September 1st My Life with a Wounded Warrior will be released out into the world, available with the click of a button at the great Amazon supermarket of books. Now’s a good time to answer the question I have heard at least once a week since beginning this blog.
“What does Jack think about you sharing your personal lives with strangers and friends alike? Putting the struggles and frustrations and joys of life with his PTSD right out there, for everyone to see?”
When I started this blog, this written exploration into my marriage, I had reached the point where, for better or worse, things had to change, or they had to end. Now, because I’m as wonderfully flawed as anyone on this good earth, my assumption was that the changing was going to be done by Jack. Right? He’s the guy with the raging PTSD. Come on! Of course, he’s the one who needed to change.
But a funny thing happened on my journey, the actual writing of My Life with a Wounded Warrior.
Gut-wrenching-bleed-all-over-the-page honesty very often left me remembering the love, the joy, the shared laughter that had once been the base of our marriage. So, what started out as a kind of internet gripe session about the challenges of living with PTSD, quickly became a love song. I did not mean for that to happen.

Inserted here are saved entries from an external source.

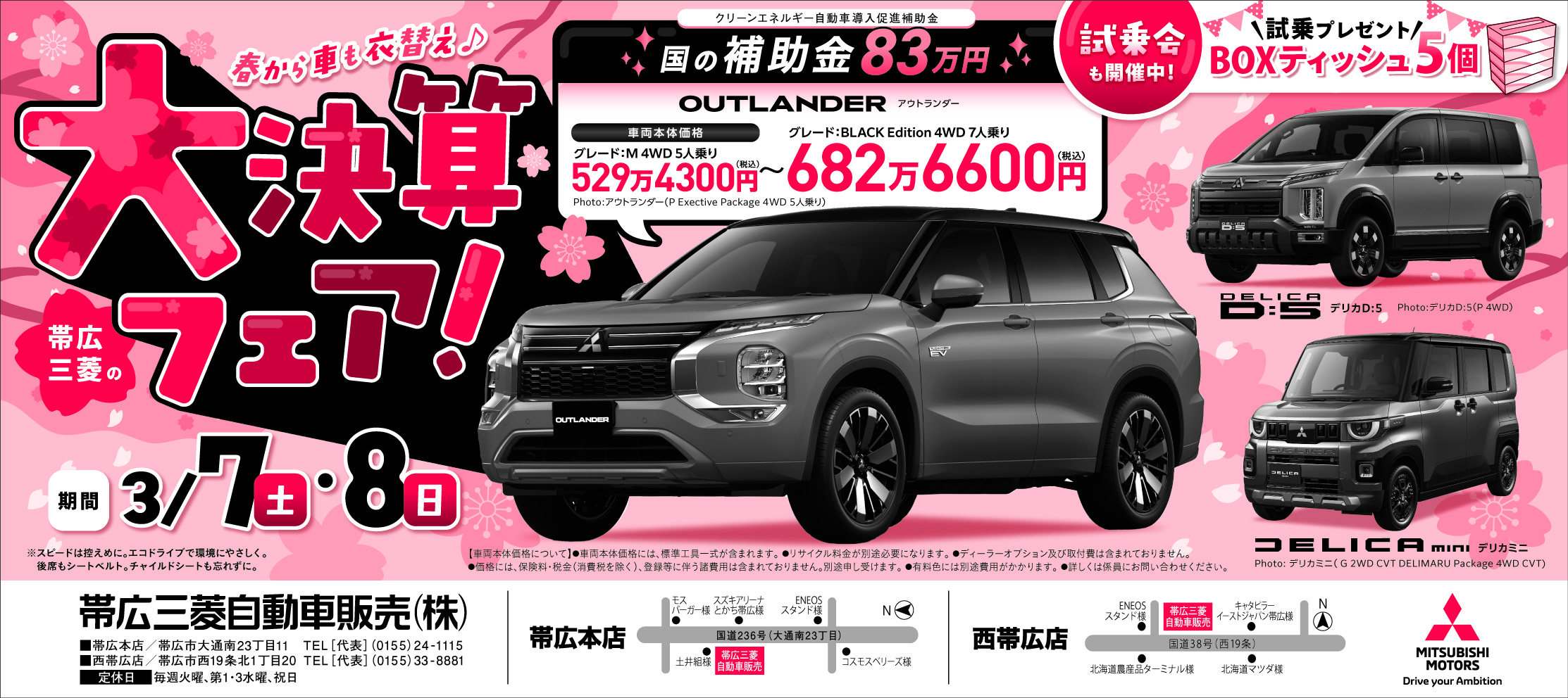 広告に掲載の『アウトランダーPHEV』は国の補助金対象車であり、83万円が交付されます👛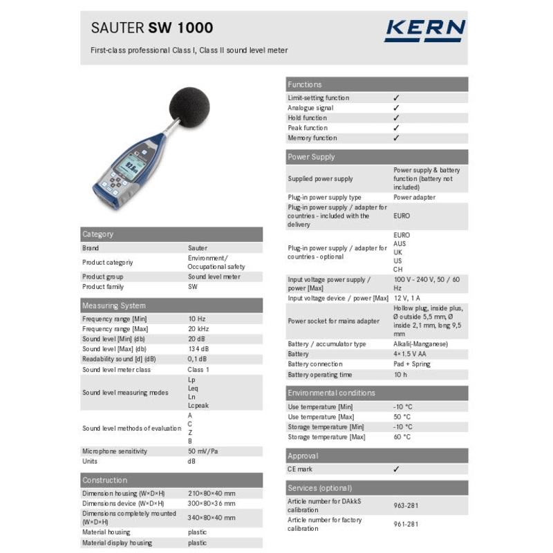 Measuring range Sound 20 dB 134 dB Readability sound [d] (dB) 0,1 dB Units dB Sound level measuring modes Lp, Leq, Ln, Lcpeak Sound level methods of evaluation A, C, Z, B Frequency range 10 Hz 20 kHz Memory function Hold function Peak function Limit-setting function Microphone sensitivity 50 mV/Pa Battery 41.5 V AA Material housing plastic Dimensions completely mounted (WDH) 3408040 mm Product family SW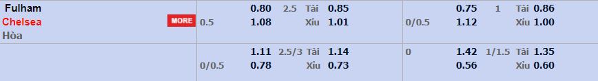 - Mức kèo nhà cái cược chấp trận này: Chelsea chấp 0,5 Trái. Fulham ăn 0,80. Chelsea ăn 1,08
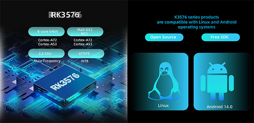 В основата на RK3576 SBC се намира RK3576 чип на Rockchip, проектиран за изчисления с висока ефективност в различни натоварвания. Неговата 8-ядрена хибридна архитектура-включваща 4-кратна ядра на Cortex-A72 и 4x Cortex-A53 ядра-сдвоени с Arm Mali-G52 MP4 GPU, създава двигател за обработка, който се отличава с многозадачни, графични задачи и паралелни изчисления.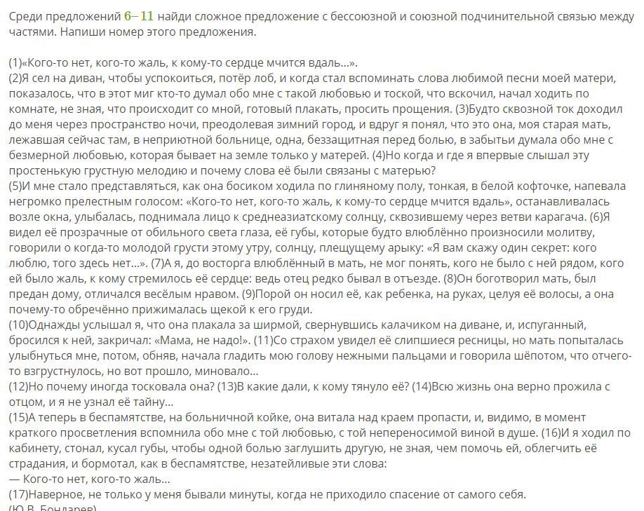 Среди предложений 6–11 найди сложное предложение с бессоюзной и союзной подчинительной связью между частями. Напиши номер этого предложения.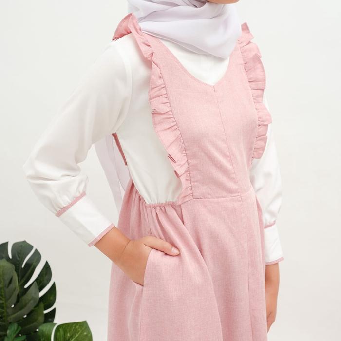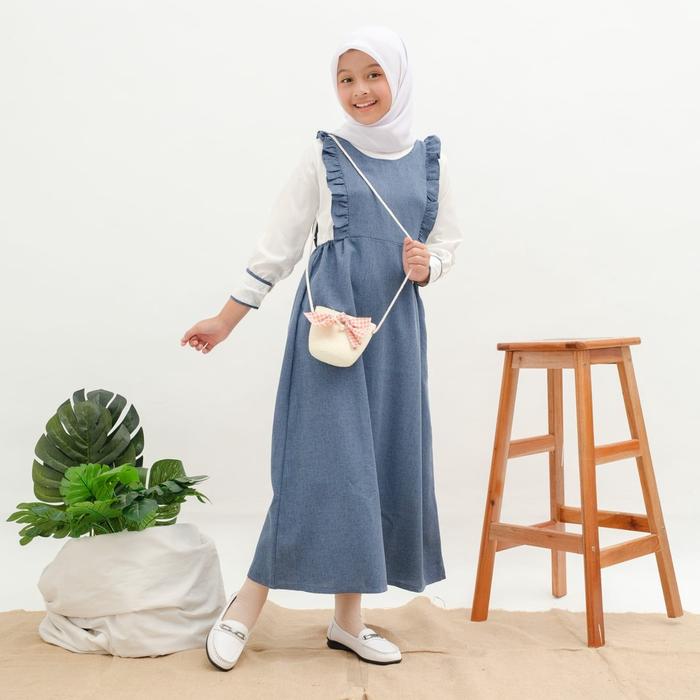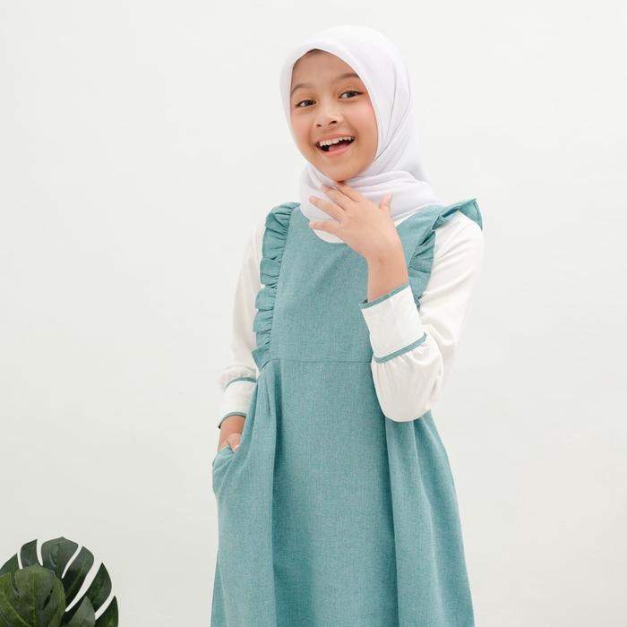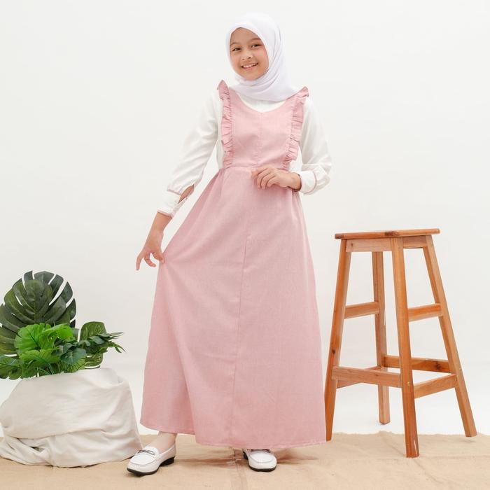 Applekidz Gamis Anak Perempuan Overall Muslim Tanggung Umur 8-15 Tahun Kirana Katun Nyaman Ruffle Dress Remaja Syari Sim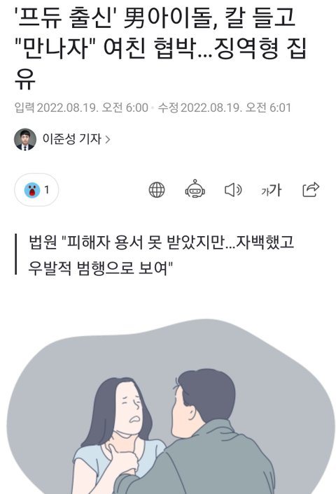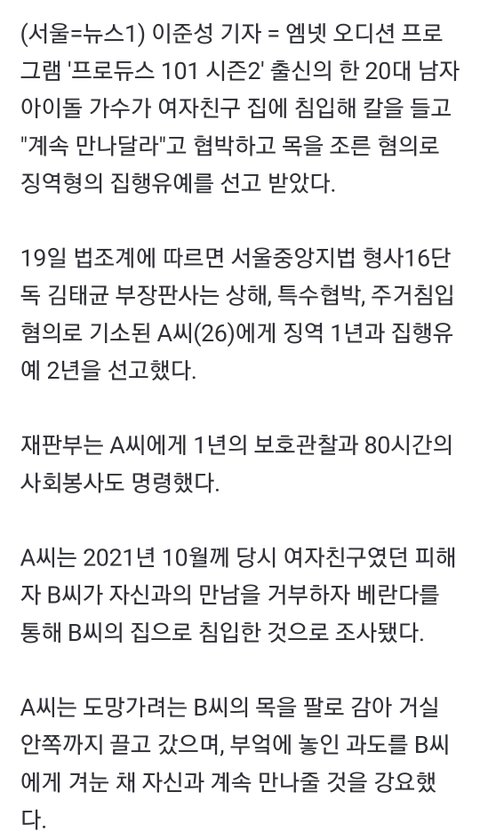 '프듀 출신' 男아이돌, 칼 들고 "만나자" 여친 협박…징역형 집유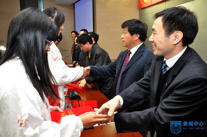 党委副书记、副校长高明代表bv伟德国际1946对校大学生运动队在江苏省第十七届运动会高校部比赛中所取得的优异成绩表示热烈祝贺!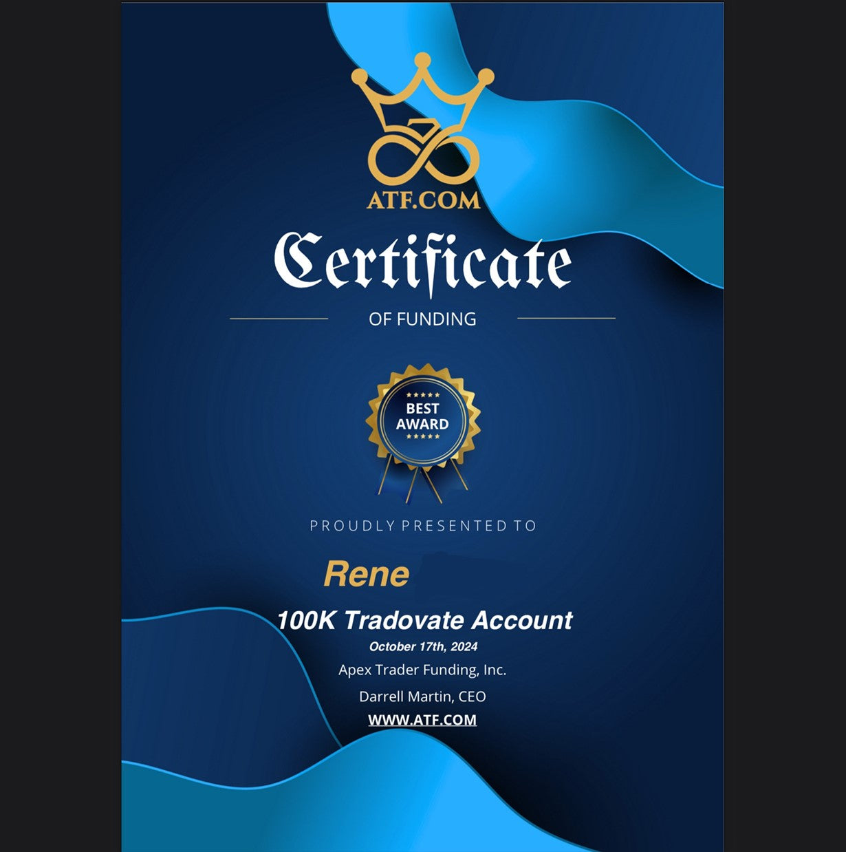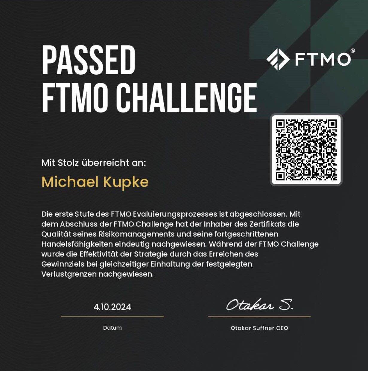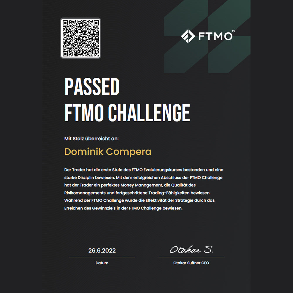 Hatte den Kurs in 3 Abenden durch und mich direkt an eine 300k Challenge gewagt welche ich nach 3 Handelstagen mit einem Superstart an einem Montag durch das FreeLiveTrading begonnen habe, erfolgreich gefundet.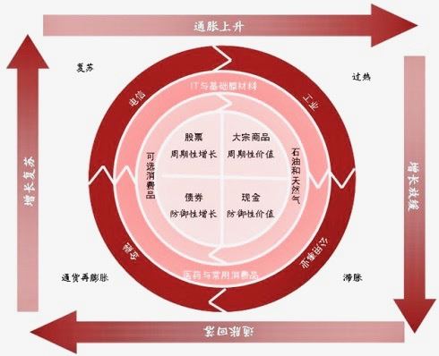 宏觀經(jīng)濟(jì)、金融市場、公司所屬行業(yè)等也有相應(yīng)的運(yùn)行周期,相應(yīng)的周期分析工具也非常豐富。在這里,推薦使用美林時鐘進(jìn)行分析,簡單明了,對于搭建整體的認(rèn)知框架很有幫助。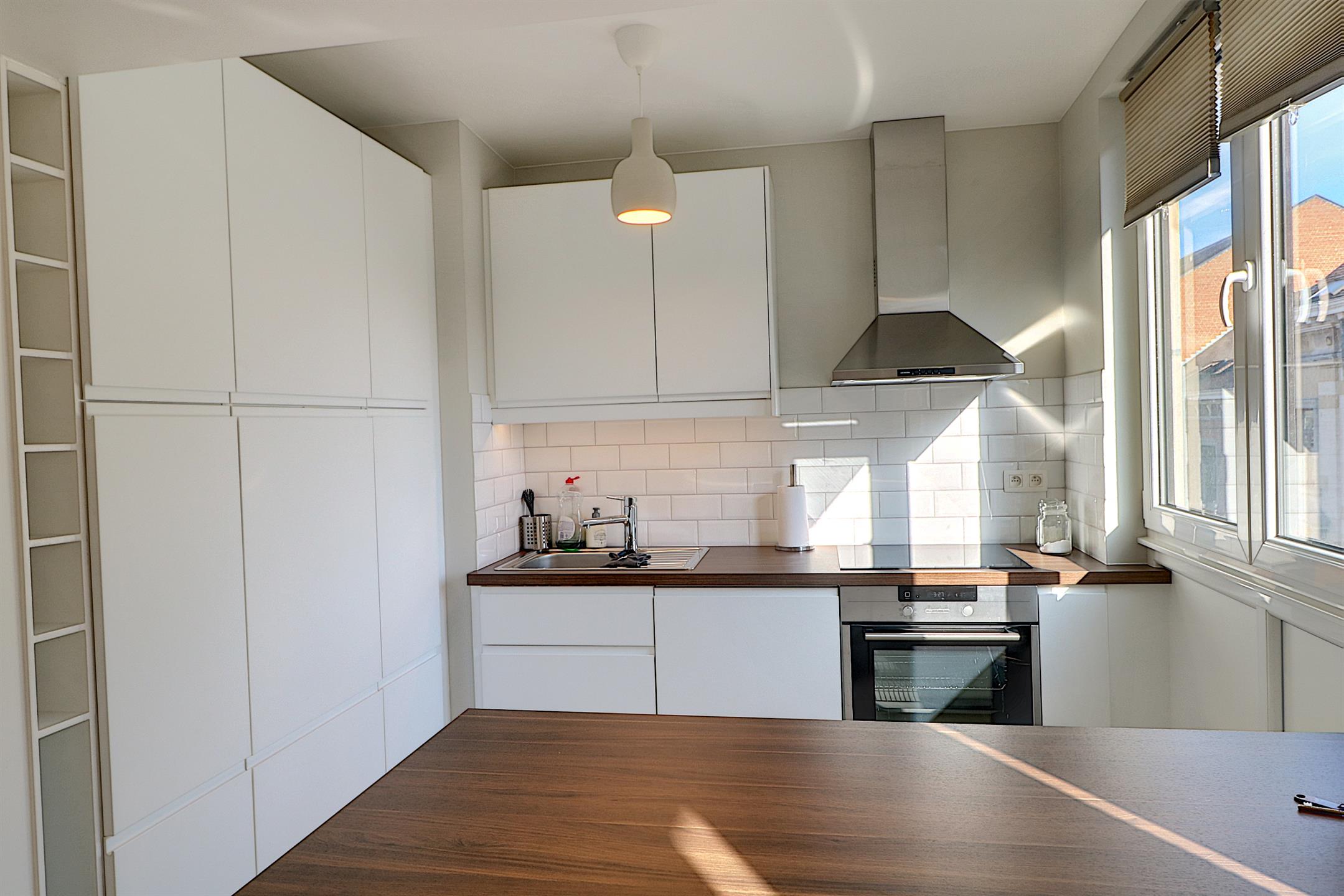 Centre-ville, sympathique appartement remis à neuf dans un immeuble avec ascenseur, et composé de: hall d'entrée, lumineux séjour, cuisine US hyper-équipée, 1 belle chambre à coucher, salle de douche (douche italienne, wc et emplacement lessiveuse) et petit grenier de rangement. LIBRE LE 01/01/24

My original goal for starting this blog was to give hope and understanding to other women who love men wounded emotionally by war. Post Traumatic Stress Disorder. That’s the label for what our warriors experience.
Of course, it’s not a disorder at all. PTSD is the natural reaction to going to war. The body shuts down, concentrates on survival, and there is so much adrenaline flowing that the survival instinct becomes embedded in the brains and chemistry and bodies of the men and women who enter into battle. Besides, like Jack, these veterans have seen and experienced images and events that we civilians can’t, in our worst nightmares, comprehend.
So, my goal in writing the book, in writing this blog, was to, through utter honesty, share my experiences with Jack and his PTSD in the hope of helping other women to better understand their warriors.
And, judging by the comments, that connection with other wives of veterans did absolutely occur. Which brings me great joy. But something completely unexpected happened also.
My arrangement with Jack is that he read every blog post before it’s published. Over time, through week after week of posts, for the first time in our twenty-five years together, Jack began to comprehend that I know who he is. He came to understand that I accept him. He, finally, GOT that I love HIM, not the man he wants to be, not the man I sometimes wish he was, but HIM.
And, here’s the kicker, I finally GOT it, too. Accepted that right here, day-to-day, with this big, stubborn, complicated, old Marine is where I need to be. Where I choose to be.
I love him. It’s really, after all these words, as simple as that.